Why Repeat Testing Matters More Than a Single Result
A single negative test is a snapshot. Serial testing, meaning repeated blood draws over months and years, gives your oncologist a much more complete and reliable picture. The difference is significant. In kidney cancer patients under surveillance, those who were serially negative on multiple tests almost all remained progression-free during follow-up. In contrast, one patient who had four consecutive negative results later tested positive on two subsequent draws, prompting imaging that confirmed the cancer had progressed. That case illustrates both the power and the limitations of any single time point.
The real clinical value of Signatera lies in tracking trends. A string of negative results over time is far more reassuring than any individual negative test. Conversely, a shift from negative to positive on a subsequent draw can flag recurrence months before it would appear on a CT scan. In colorectal cancer, Signatera detected recurrence an average of 8.7 months earlier than imaging, with some cases detected up to 16.5 months ahead. Serial monitoring is what unlocks that early warning capability.

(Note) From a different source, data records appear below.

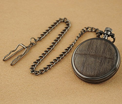 -. Feature : Mens Womens Mechanial Pocket Watch / Hand-Winding Movement / Leather Watchback / Black Steel Watchcase & Watch Chain / Case Diameter: Approx 4.8cm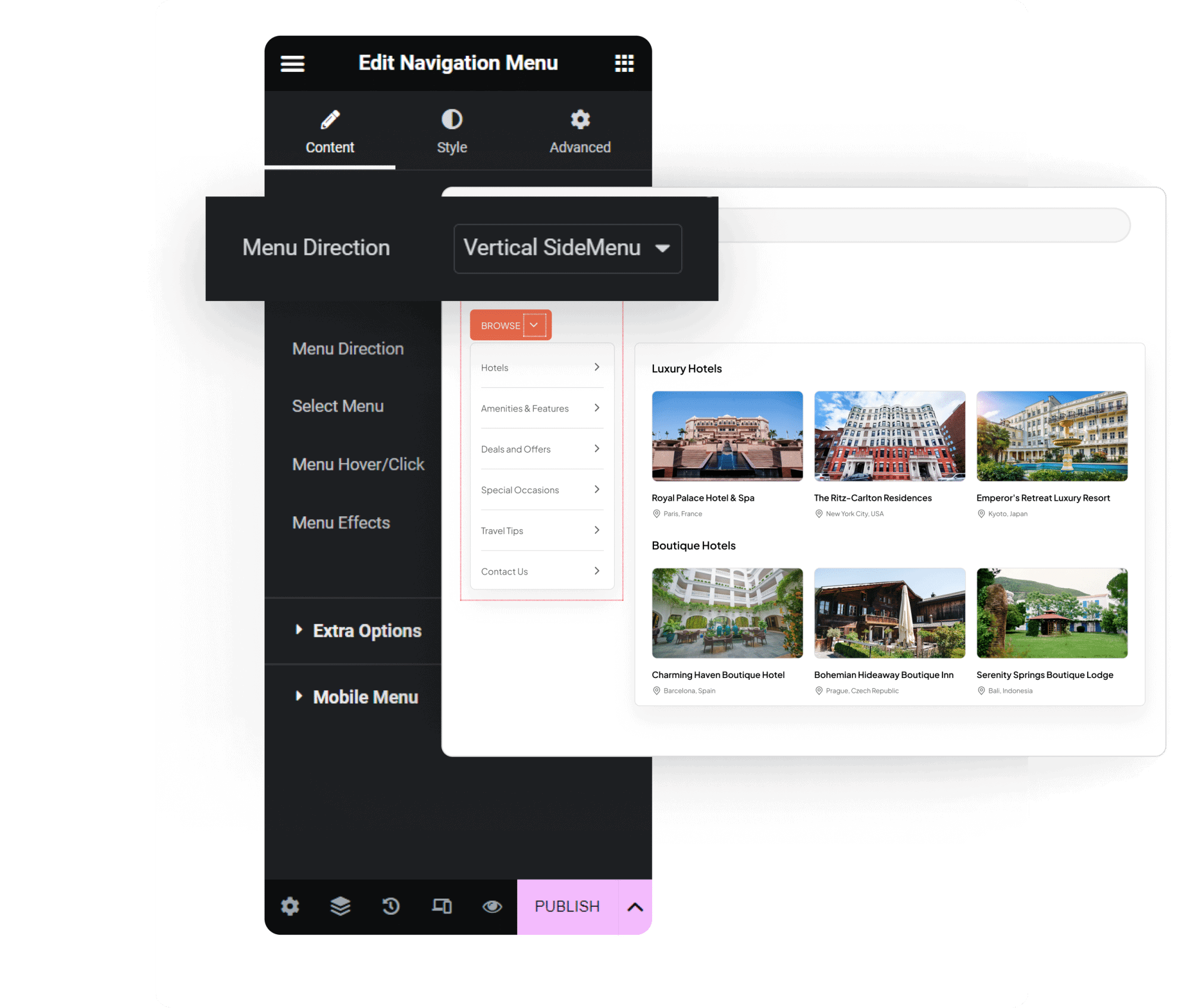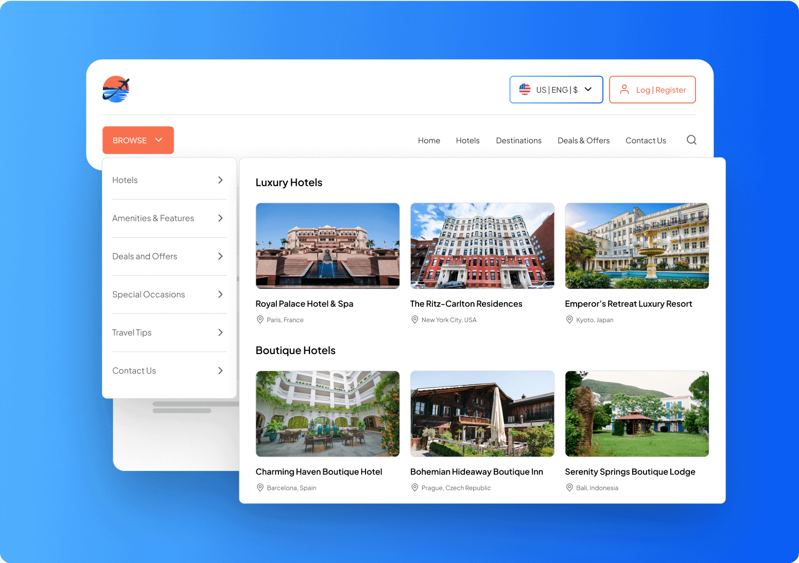 - Travel and HospitalityBoost your e-commerce sales by using Elementor Mega Menus to showcase categories, subcategories, and products, making it easy for customers to navigate and find what they're looking for.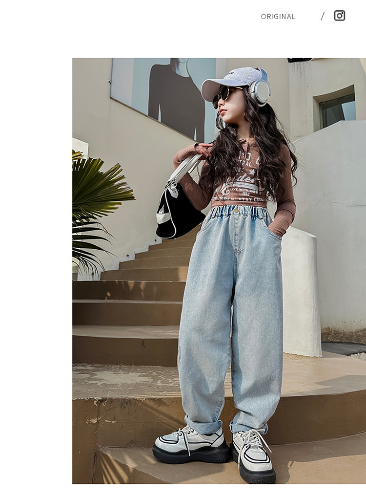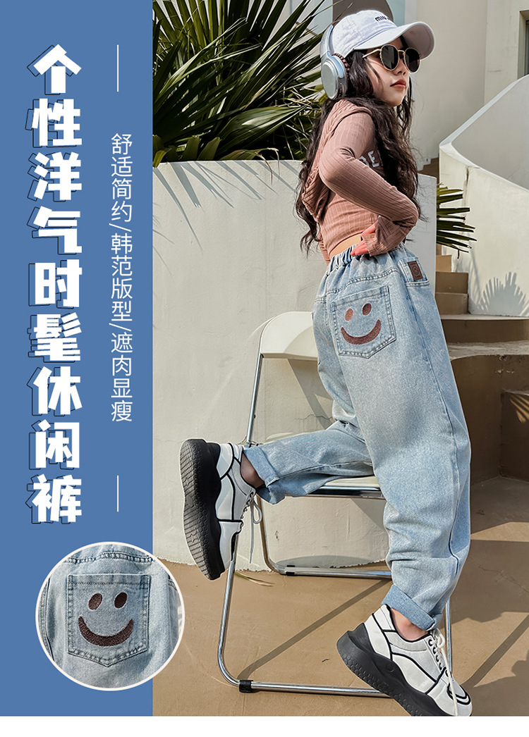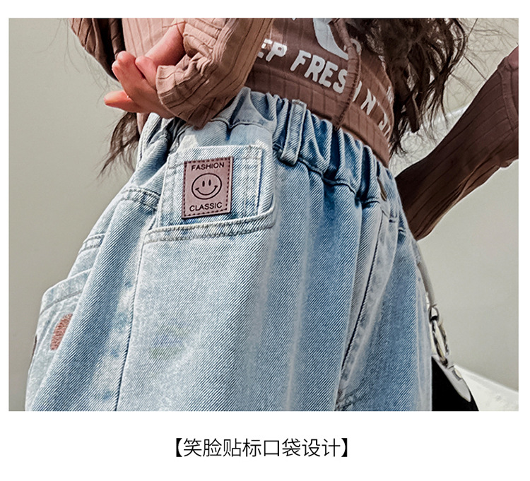 여성을위한 라이트 블루 웃는 스트레이트 와이드 레그 청바지 2024 봄 새로운 패션 스트레이트 하이 웨이스트 스마일리 청바지스토어 가기

How Negative Results Affect Treatment Decisions
One of the biggest questions patients have after a negative result is whether they can skip or shorten chemotherapy. This is an active and evolving area of oncology, but the honest answer right now is that negative results alone are not yet a standard basis for changing treatment plans. Most studies to date have been observational, meaning researchers tracked ctDNA results alongside standard care without using those results to guide therapy. Multiple clinical trials are underway testing whether it’s safe to reduce treatment for ctDNA-negative patients, but those results are still maturing.
Some oncologists do factor Signatera results into their clinical reasoning, particularly when deciding how aggressively to pursue additional therapy in borderline situations. But guidelines haven’t yet formally incorporated ctDNA-guided treatment de-escalation as standard practice. If your test is negative and you’re wondering whether you still need a recommended course of treatment, that’s a conversation worth having with your oncologist, who can weigh the test result alongside your cancer’s stage, biology, and other risk factors.
What to Expect From the Testing Schedule
Your first post-surgical Signatera test is typically drawn two to four weeks after surgery. Research in colorectal cancer has shown that testing as early as two weeks post-surgery has similar sensitivity to waiting four to eight weeks, though your oncologist may adjust the timing based on your specific situation. After that initial draw, most monitoring schedules involve repeat testing every three to six months, often for several years. The exact frequency depends on your cancer type, stage, and treatment plan.
Each blood draw is straightforward: a standard venous blood sample, no different from routine lab work. Results typically take one to two weeks. If you receive a negative result, your care team will likely continue the scheduled monitoring cadence rather than stopping testing altogether, precisely because the value of this tool comes from watching for changes over time rather than relying on any single result.